== ACTIVITY ==
Give the entries again exactly as they appear, but without the images.

--- START ---

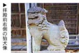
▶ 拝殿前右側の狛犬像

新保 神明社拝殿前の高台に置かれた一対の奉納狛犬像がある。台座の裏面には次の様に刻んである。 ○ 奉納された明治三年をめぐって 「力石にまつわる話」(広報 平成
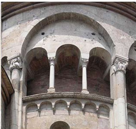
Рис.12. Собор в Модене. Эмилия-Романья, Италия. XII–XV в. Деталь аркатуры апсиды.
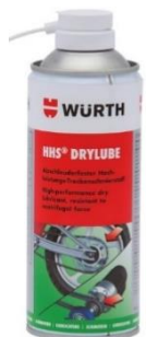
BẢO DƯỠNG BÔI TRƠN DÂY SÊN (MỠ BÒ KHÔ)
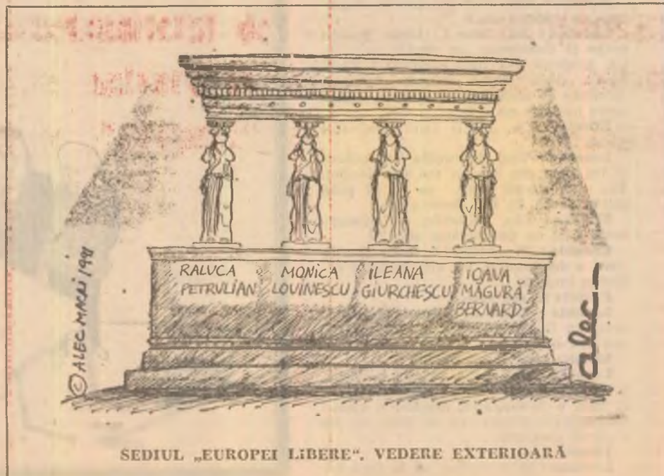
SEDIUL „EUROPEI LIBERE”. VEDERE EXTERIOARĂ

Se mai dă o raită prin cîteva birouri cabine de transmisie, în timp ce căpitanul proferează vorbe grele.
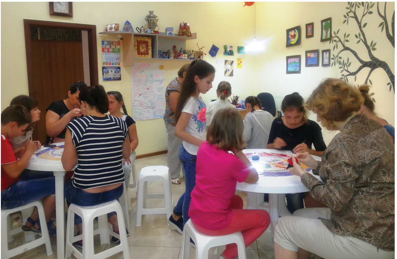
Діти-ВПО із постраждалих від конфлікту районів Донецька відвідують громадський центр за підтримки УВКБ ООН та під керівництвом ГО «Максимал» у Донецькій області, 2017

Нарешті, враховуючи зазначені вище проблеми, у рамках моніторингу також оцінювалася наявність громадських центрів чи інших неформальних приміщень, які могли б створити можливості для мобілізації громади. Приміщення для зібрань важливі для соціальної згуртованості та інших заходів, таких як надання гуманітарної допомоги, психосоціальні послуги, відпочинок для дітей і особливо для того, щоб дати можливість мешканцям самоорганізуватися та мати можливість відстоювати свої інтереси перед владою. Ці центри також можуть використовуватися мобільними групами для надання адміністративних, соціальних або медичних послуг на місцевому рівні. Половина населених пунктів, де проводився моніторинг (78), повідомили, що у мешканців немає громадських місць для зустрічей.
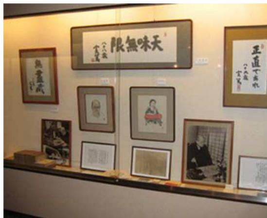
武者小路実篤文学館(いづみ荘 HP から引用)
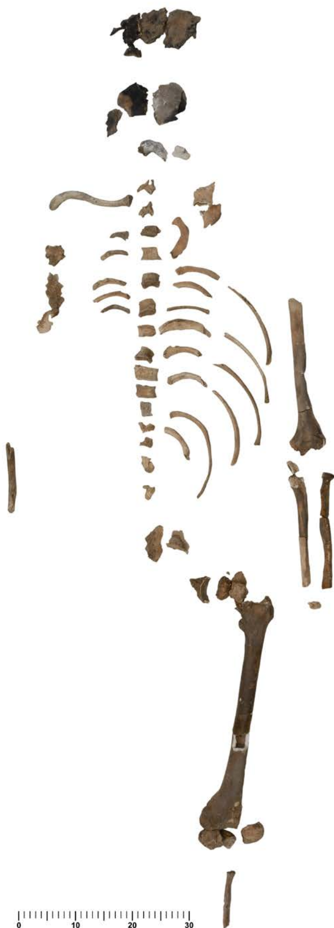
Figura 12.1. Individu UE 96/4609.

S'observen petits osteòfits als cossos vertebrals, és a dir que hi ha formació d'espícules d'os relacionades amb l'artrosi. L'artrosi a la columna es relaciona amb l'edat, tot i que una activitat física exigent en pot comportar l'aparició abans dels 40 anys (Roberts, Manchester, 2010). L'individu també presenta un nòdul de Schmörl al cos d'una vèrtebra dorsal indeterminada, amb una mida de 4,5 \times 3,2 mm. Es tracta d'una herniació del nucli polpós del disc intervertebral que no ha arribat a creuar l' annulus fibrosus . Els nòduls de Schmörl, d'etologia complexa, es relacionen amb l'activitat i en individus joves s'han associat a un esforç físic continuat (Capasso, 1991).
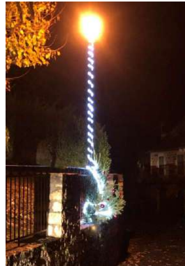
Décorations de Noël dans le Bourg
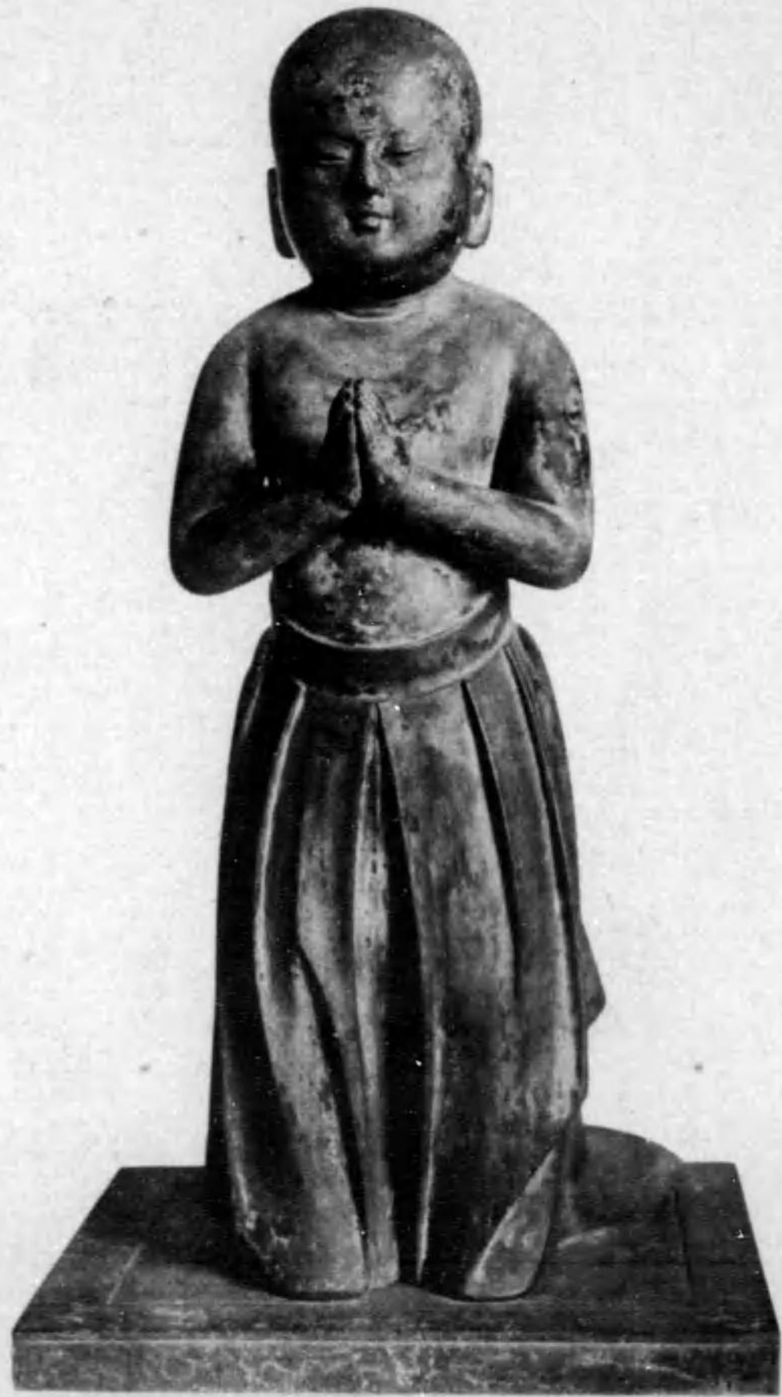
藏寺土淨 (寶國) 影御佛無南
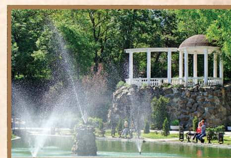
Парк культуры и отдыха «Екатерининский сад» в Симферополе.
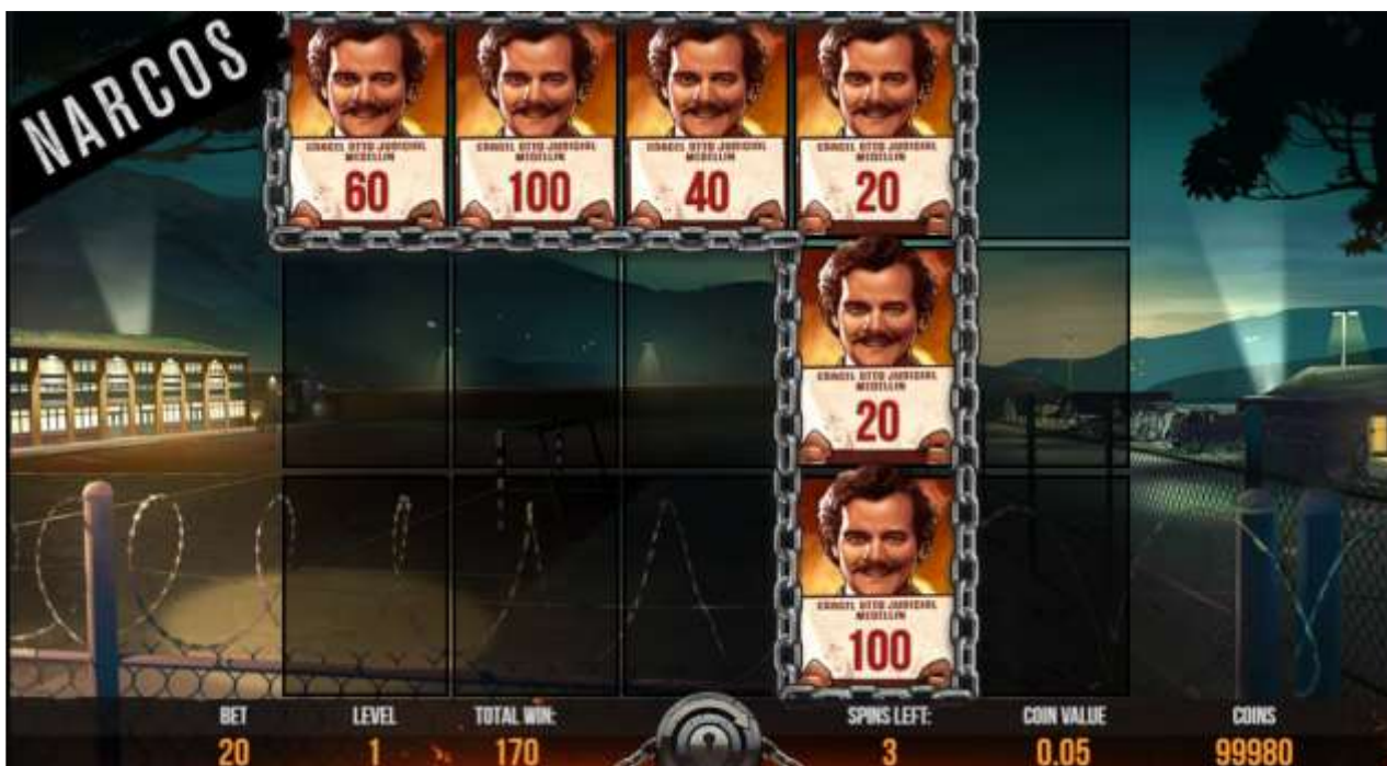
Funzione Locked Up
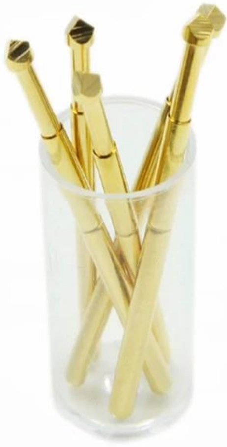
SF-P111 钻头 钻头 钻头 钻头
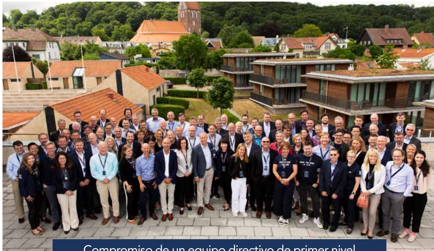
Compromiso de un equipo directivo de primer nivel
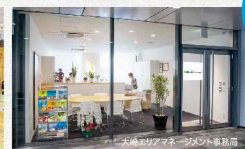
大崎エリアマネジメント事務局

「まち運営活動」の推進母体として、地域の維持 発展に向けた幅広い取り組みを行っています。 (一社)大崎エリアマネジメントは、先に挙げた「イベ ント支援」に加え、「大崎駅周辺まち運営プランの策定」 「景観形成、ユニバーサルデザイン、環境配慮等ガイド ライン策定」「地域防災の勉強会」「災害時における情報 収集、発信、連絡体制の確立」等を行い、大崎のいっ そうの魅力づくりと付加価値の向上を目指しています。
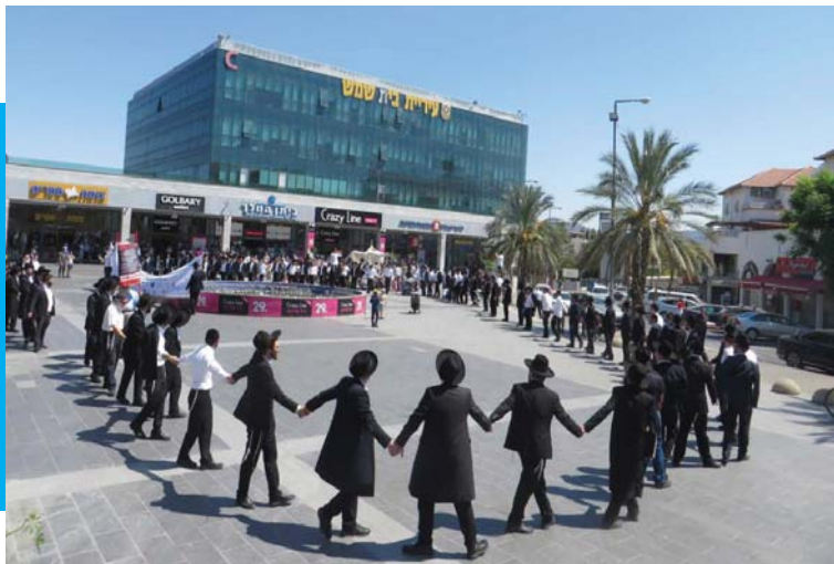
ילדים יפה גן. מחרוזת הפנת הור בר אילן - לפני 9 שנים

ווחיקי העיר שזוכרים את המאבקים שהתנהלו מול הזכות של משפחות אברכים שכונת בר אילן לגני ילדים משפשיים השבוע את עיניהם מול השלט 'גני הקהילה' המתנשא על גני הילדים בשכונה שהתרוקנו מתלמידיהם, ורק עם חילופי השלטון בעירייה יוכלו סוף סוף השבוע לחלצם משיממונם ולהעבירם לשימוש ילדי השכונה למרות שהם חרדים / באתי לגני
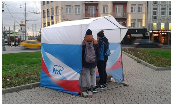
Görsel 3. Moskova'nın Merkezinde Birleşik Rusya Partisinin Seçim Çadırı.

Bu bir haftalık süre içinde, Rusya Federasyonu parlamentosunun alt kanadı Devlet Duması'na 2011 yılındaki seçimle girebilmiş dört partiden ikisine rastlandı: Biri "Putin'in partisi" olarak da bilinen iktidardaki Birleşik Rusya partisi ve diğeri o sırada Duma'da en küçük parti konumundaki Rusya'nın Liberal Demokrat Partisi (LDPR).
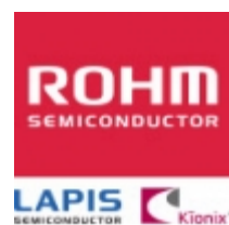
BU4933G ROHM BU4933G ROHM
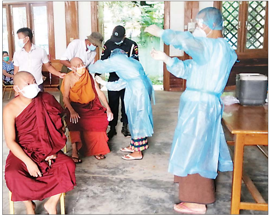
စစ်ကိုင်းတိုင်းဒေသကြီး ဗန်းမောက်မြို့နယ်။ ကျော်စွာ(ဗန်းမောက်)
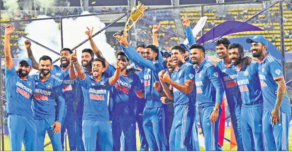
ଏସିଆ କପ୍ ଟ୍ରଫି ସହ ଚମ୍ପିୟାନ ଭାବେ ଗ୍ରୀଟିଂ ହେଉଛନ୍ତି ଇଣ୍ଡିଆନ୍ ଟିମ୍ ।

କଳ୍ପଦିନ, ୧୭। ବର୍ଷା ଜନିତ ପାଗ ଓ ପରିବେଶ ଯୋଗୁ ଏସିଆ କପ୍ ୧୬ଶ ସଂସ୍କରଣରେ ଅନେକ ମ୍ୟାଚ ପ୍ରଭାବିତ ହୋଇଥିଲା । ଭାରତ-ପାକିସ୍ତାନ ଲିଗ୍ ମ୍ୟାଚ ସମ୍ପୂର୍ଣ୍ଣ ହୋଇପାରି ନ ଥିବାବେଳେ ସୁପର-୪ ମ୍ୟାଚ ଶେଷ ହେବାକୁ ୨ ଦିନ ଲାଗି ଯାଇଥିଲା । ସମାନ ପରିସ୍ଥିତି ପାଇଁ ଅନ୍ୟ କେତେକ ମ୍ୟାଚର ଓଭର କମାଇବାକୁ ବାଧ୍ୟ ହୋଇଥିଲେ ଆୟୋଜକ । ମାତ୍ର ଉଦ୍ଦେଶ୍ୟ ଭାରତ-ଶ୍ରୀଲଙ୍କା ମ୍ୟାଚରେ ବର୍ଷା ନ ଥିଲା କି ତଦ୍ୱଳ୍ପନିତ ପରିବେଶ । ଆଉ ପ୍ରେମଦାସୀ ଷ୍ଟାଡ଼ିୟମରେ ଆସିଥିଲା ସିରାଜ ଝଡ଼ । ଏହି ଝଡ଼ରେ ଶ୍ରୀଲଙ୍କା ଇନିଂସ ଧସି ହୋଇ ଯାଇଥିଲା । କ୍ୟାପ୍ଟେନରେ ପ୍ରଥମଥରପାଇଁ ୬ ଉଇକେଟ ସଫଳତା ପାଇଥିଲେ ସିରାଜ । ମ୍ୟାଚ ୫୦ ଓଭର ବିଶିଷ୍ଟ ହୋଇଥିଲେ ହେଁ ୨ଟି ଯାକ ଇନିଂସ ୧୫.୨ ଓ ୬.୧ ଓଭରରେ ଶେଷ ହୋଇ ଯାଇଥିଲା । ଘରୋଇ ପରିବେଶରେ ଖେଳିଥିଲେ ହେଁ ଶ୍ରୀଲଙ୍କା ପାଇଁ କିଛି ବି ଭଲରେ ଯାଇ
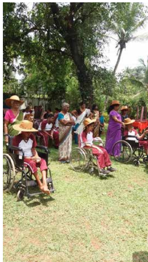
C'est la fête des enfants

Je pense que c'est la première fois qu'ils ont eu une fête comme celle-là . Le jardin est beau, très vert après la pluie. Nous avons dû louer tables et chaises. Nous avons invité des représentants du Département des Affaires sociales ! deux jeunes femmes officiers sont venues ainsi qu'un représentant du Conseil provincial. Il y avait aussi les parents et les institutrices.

--- END ---

== RESPONSE TO THE TASK ==
▶ 拝殿前右側の狛犬像

新保 神明社拝殿前の高台に置かれた一対の奉納狛犬像がある。台座の裏面には次の様に刻んである。 ○ 奉納された明治三年をめぐって 「力石にまつわる話」(広報 平成
Рис.12. Собор в Модене. Эмилия-Романья, Италия. XII–XV в. Деталь аркатуры апсиды.
BẢO DƯỠNG BÔI TRƠN DÂY SÊN (MỠ BÒ KHÔ)
SEDIUL „EUROPEI LIBERE”. VEDERE EXTERIOARĂ

Se mai dă o raită prin cîteva birouri cabine de transmisie, în timp ce căpitanul proferează vorbe grele.
Діти-ВПО із постраждалих від конфлікту районів Донецька відвідують громадський центр за підтримки УВКБ ООН та під керівництвом ГО «Максимал» у Донецькій області, 2017

Нарешті, враховуючи зазначені вище проблеми, у рамках моніторингу також оцінювалася наявність громадських центрів чи інших неформальних приміщень, які могли б створити можливості для мобілізації громади. Приміщення для зібрань важливі для соціальної згуртованості та інших заходів, таких як надання гуманітарної допомоги, психосоціальні послуги, відпочинок для дітей і особливо для того, щоб дати можливість мешканцям самоорганізуватися та мати можливість відстоювати свої інтереси перед владою. Ці центри також можуть використовуватися мобільними групами для надання адміністративних, соціальних або медичних послуг на місцевому рівні. Половина населених пунктів, де проводився моніторинг (78), повідомили, що у мешканців немає громадських місць для зустрічей.
武者小路実篤文学館(いづみ荘 HP から引用)
Figura 12.1. Individu UE 96/4609.

S'observen petits osteòfits als cossos vertebrals, és a dir que hi ha formació d'espícules d'os relacionades amb l'artrosi. L'artrosi a la columna es relaciona amb l'edat, tot i que una activitat física exigent en pot comportar l'aparició abans dels 40 anys (Roberts, Manchester, 2010). L'individu també presenta un nòdul de Schmörl al cos d'una vèrtebra dorsal indeterminada, amb una mida de 4,5 \times 3,2 mm. Es tracta d'una herniació del nucli polpós del disc intervertebral que no ha arribat a creuar l' annulus fibrosus . Els nòduls de Schmörl, d'etologia complexa, es relacionen amb l'activitat i en individus joves s'han associat a un esforç físic continuat (Capasso, 1991).
Décorations de Noël dans le Bourg
藏寺土淨 (寶國) 影御佛無南
Парк культуры и отдыха «Екатерининский сад» в Симферополе.
Funzione Locked Up
SF-P111 钻头 钻头 钻头 钻头
Compromiso de un equipo directivo de primer nivel
大崎エリアマネジメント事務局

「まち運営活動」の推進母体として、地域の維持 発展に向けた幅広い取り組みを行っています。 (一社)大崎エリアマネジメントは、先に挙げた「イベ ント支援」に加え、「大崎駅周辺まち運営プランの策定」 「景観形成、ユニバーサルデザイン、環境配慮等ガイド ライン策定」「地域防災の勉強会」「災害時における情報 収集、発信、連絡体制の確立」等を行い、大崎のいっ そうの魅力づくりと付加価値の向上を目指しています。
ילדים יפה גן. מחרוזת הפנת הור בר אילן - לפני 9 שנים

ווחיקי העיר שזוכרים את המאבקים שהתנהלו מול הזכות של משפחות אברכים שכונת בר אילן לגני ילדים משפשיים השבוע את עיניהם מול השלט 'גני הקהילה' המתנשא על גני הילדים בשכונה שהתרוקנו מתלמידיהם, ורק עם חילופי השלטון בעירייה יוכלו סוף סוף השבוע לחלצם משיממונם ולהעבירם לשימוש ילדי השכונה למרות שהם חרדים / באתי לגני
Görsel 3. Moskova'nın Merkezinde Birleşik Rusya Partisinin Seçim Çadırı.

Bu bir haftalık süre içinde, Rusya Federasyonu parlamentosunun alt kanadı Devlet Duması'na 2011 yılındaki seçimle girebilmiş dört partiden ikisine rastlandı: Biri "Putin'in partisi" olarak da bilinen iktidardaki Birleşik Rusya partisi ve diğeri o sırada Duma'da en küçük parti konumundaki Rusya'nın Liberal Demokrat Partisi (LDPR).
BU4933G ROHM BU4933G ROHM
စစ်ကိုင်းတိုင်းဒေသကြီး ဗန်းမောက်မြို့နယ်။ ကျော်စွာ(ဗန်းမောက်)
ଏସିଆ କପ୍ ଟ୍ରଫି ସହ ଚମ୍ପିୟାନ ଭାବେ ଗ୍ରୀଟିଂ ହେଉଛନ୍ତି ଇଣ୍ଡିଆନ୍ ଟିମ୍ ।

କଳ୍ପଦିନ, ୧୭। ବର୍ଷା ଜନିତ ପାଗ ଓ ପରିବେଶ ଯୋଗୁ ଏସିଆ କପ୍ ୧୬ଶ ସଂସ୍କରଣରେ ଅନେକ ମ୍ୟାଚ ପ୍ରଭାବିତ ହୋଇଥିଲା । ଭାରତ-ପାକିସ୍ତାନ ଲିଗ୍ ମ୍ୟାଚ ସମ୍ପୂର୍ଣ୍ଣ ହୋଇପାରି ନ ଥିବାବେଳେ ସୁପର-୪ ମ୍ୟାଚ ଶେଷ ହେବାକୁ ୨ ଦିନ ଲାଗି ଯାଇଥିଲା । ସମାନ ପରିସ୍ଥିତି ପାଇଁ ଅନ୍ୟ କେତେକ ମ୍ୟାଚର ଓଭର କମାଇବାକୁ ବାଧ୍ୟ ହୋଇଥିଲେ ଆୟୋଜକ । ମାତ୍ର ଉଦ୍ଦେଶ୍ୟ ଭାରତ-ଶ୍ରୀଲଙ୍କା ମ୍ୟାଚରେ ବର୍ଷା ନ ଥିଲା କି ତଦ୍ୱଳ୍ପନିତ ପରିବେଶ । ଆଉ ପ୍ରେମଦାସୀ ଷ୍ଟାଡ଼ିୟମରେ ଆସିଥିଲା ସିରାଜ ଝଡ଼ । ଏହି ଝଡ଼ରେ ଶ୍ରୀଲଙ୍କା ଇନିଂସ ଧସି ହୋଇ ଯାଇଥିଲା । କ୍ୟାପ୍ଟେନରେ ପ୍ରଥମଥରପାଇଁ ୬ ଉଇକେଟ ସଫଳତା ପାଇଥିଲେ ସିରାଜ । ମ୍ୟାଚ ୫୦ ଓଭର ବିଶିଷ୍ଟ ହୋଇଥିଲେ ହେଁ ୨ଟି ଯାକ ଇନିଂସ ୧୫.୨ ଓ ୬.୧ ଓଭରରେ ଶେଷ ହୋଇ ଯାଇଥିଲା । ଘରୋଇ ପରିବେଶରେ ଖେଳିଥିଲେ ହେଁ ଶ୍ରୀଲଙ୍କା ପାଇଁ କିଛି ବି ଭଲରେ ଯାଇ
C'est la fête des enfants

Je pense que c'est la première fois qu'ils ont eu une fête comme celle-là . Le jardin est beau, très vert après la pluie. Nous avons dû louer tables et chaises. Nous avons invité des représentants du Département des Affaires sociales ! deux jeunes femmes officiers sont venues ainsi qu'un représentant du Conseil provincial. Il y avait aussi les parents et les institutrices.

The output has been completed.